# **LlamaIndex: the ultimate LLM framework for indexing and retrieval**[<sup>source<sup>](https://towardsdatascience.com/llamaindex-the-ultimate-llm-framework-for-indexing-and-retrieval-fa588d8ca03e)

**`LlamaIndex`** , previously known as the **GPT Index**, is a remarkable data framework aimed at helping you build applications with LLMs by providing essential tools that facilitate data ingestion, structuring, retrieval, and integration with various application frameworks.
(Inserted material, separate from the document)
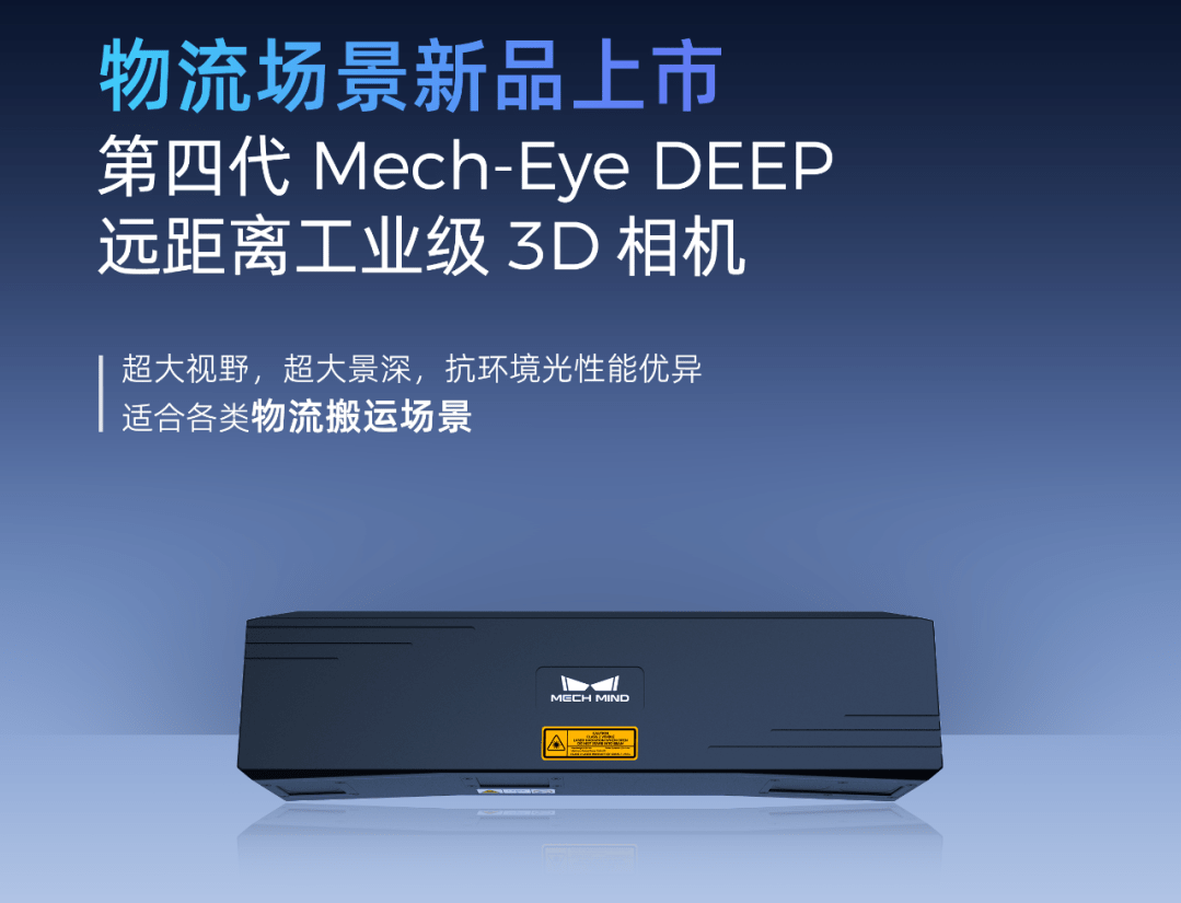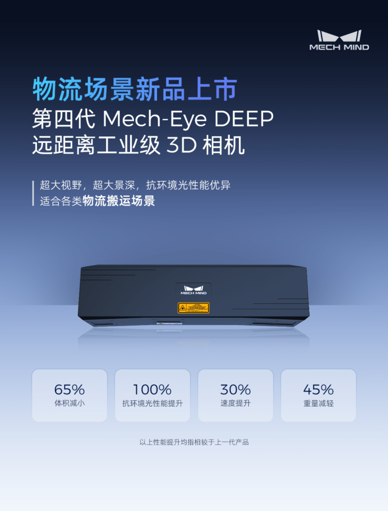 梅卡曼德正式發布全新第四代Mech-Eye DEEP遠距離工業級3D相機。 Mech-Eye DEEP是梅卡曼德針對各類物流搬運場景而推出的旗艦款3D相機。相較於上一代產品,Mech-Eye DEEP抗環境光性能提升100%、速度提升30%、體積減小65%、重量減輕45%,並具備超大視野、超大景深、高精度等優勢。

The capabilities offered by LlamaIndex are numerous and highly valuable:

✅ Ingest from different data sources and data formats using `Data connectors` (Llama Hub).

✅ Enable document operations such as inserting, deleting, updating, and refreshing the document index.

✅ Support synthesis over heterogeneous data and multiple documents.

✅ Use “Router” to pick between different query engines.

✅ Allow for the hypothetical document embeddings to enhance output quality

✅ Offer a wide range of integrations with various vector stores, ChatGPT plugins, tracing tools, and LangChain, among others.

✅ Support the brand new OpenAI function calling API.

## Data connectors (LlamaHub)
The [Llama Hub](https://llamahub.ai) offers a wide range of over 100 data sources and formats, allowing LlamaIndex or LangChain to ingest data in a consistent manner. 
 
By default, you can ``` pip install llama-hub```  and use it as a standalone package. You may also choose to use our `download_loader` method to individually download a data loader for use with LlamaIndex.

In [5]:
from llama_hub.wikipedia.base import WikipediaReader
from llama_index import download_loader

# another ways
# WikipediaReader = download_loader("WikipediaReader")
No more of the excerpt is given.